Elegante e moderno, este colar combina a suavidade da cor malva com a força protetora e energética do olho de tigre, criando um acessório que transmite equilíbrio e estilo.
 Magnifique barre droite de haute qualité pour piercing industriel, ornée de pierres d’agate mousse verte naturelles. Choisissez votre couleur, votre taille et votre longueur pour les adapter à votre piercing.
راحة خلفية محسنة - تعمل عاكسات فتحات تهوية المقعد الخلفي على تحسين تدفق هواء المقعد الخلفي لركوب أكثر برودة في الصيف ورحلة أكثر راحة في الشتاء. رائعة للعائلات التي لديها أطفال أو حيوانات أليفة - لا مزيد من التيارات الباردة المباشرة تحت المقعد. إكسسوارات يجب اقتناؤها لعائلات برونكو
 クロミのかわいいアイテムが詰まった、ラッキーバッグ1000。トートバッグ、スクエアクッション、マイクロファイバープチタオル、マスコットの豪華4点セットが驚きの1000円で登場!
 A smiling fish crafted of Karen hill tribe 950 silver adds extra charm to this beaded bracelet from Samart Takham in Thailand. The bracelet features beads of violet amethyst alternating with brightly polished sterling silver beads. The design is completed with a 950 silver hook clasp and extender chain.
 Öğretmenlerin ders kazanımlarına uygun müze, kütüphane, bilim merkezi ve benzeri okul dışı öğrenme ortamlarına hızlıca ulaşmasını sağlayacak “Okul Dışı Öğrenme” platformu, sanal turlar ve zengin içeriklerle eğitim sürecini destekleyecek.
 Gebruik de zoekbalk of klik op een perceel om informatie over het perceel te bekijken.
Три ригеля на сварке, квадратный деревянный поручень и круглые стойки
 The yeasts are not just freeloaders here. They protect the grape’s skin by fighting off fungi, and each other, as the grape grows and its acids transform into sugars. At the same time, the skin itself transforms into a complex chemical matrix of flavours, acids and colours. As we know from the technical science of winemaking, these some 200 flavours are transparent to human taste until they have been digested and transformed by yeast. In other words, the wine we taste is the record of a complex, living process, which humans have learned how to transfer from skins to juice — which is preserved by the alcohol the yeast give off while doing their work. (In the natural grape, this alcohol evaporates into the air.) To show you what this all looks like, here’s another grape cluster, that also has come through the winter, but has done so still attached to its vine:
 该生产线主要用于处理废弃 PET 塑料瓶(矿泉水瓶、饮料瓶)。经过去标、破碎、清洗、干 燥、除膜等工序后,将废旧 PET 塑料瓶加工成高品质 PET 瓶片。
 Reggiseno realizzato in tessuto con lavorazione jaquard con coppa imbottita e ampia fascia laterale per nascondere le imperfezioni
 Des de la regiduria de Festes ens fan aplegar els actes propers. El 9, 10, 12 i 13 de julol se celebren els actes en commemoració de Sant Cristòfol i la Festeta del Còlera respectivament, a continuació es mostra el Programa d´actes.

##########

#### [ASSIGNMENT]
All lines of the data are to be repeated exactly as they stand.

#### [ANSWER SECTION]
Elegante e moderno, este colar combina a suavidade da cor malva com a força protetora e energética do olho de tigre, criando um acessório que transmite equilíbrio e estilo.
 Magnifique barre droite de haute qualité pour piercing industriel, ornée de pierres d’agate mousse verte naturelles. Choisissez votre couleur, votre taille et votre longueur pour les adapter à votre piercing.
راحة خلفية محسنة - تعمل عاكسات فتحات تهوية المقعد الخلفي على تحسين تدفق هواء المقعد الخلفي لركوب أكثر برودة في الصيف ورحلة أكثر راحة في الشتاء. رائعة للعائلات التي لديها أطفال أو حيوانات أليفة - لا مزيد من التيارات الباردة المباشرة تحت المقعد. إكسسوارات يجب اقتناؤها لعائلات برونكو
 クロミのかわいいアイテムが詰まった、ラッキーバッグ1000。トートバッグ、スクエアクッション、マイクロファイバープチタオル、マスコットの豪華4点セットが驚きの1000円で登場!
 A smiling fish crafted of Karen hill tribe 950 silver adds extra charm to this beaded bracelet from Samart Takham in Thailand. The bracelet features beads of violet amethyst alternating with brightly polished sterling silver beads. The design is completed with a 950 silver hook clasp and extender chain.
 Öğretmenlerin ders kazanımlarına uygun müze, kütüphane, bilim merkezi ve benzeri okul dışı öğrenme ortamlarına hızlıca ulaşmasını sağlayacak “Okul Dışı Öğrenme” platformu, sanal turlar ve zengin içeriklerle eğitim sürecini destekleyecek.
 Gebruik de zoekbalk of klik op een perceel om informatie over het perceel te bekijken.
Три ригеля на сварке, квадратный деревянный поручень и круглые стойки
 The yeasts are not just freeloaders here. They protect the grape’s skin by fighting off fungi, and each other, as the grape grows and its acids transform into sugars. At the same time, the skin itself transforms into a complex chemical matrix of flavours, acids and colours. As we know from the technical science of winemaking, these some 200 flavours are transparent to human taste until they have been digested and transformed by yeast. In other words, the wine we taste is the record of a complex, living process, which humans have learned how to transfer from skins to juice — which is preserved by the alcohol the yeast give off while doing their work. (In the natural grape, this alcohol evaporates into the air.) To show you what this all looks like, here’s another grape cluster, that also has come through the winter, but has done so still attached to its vine:
 该生产线主要用于处理废弃 PET 塑料瓶(矿泉水瓶、饮料瓶)。经过去标、破碎、清洗、干 燥、除膜等工序后,将废旧 PET 塑料瓶加工成高品质 PET 瓶片。
 Reggiseno realizzato in tessuto con lavorazione jaquard con coppa imbottita e ampia fascia laterale per nascondere le imperfezioni
 Des de la regiduria de Festes ens fan aplegar els actes propers. El 9, 10, 12 i 13 de julol se celebren els actes en commemoració de Sant Cristòfol i la Festeta del Còlera respectivament, a continuació es mostra el Programa d´actes.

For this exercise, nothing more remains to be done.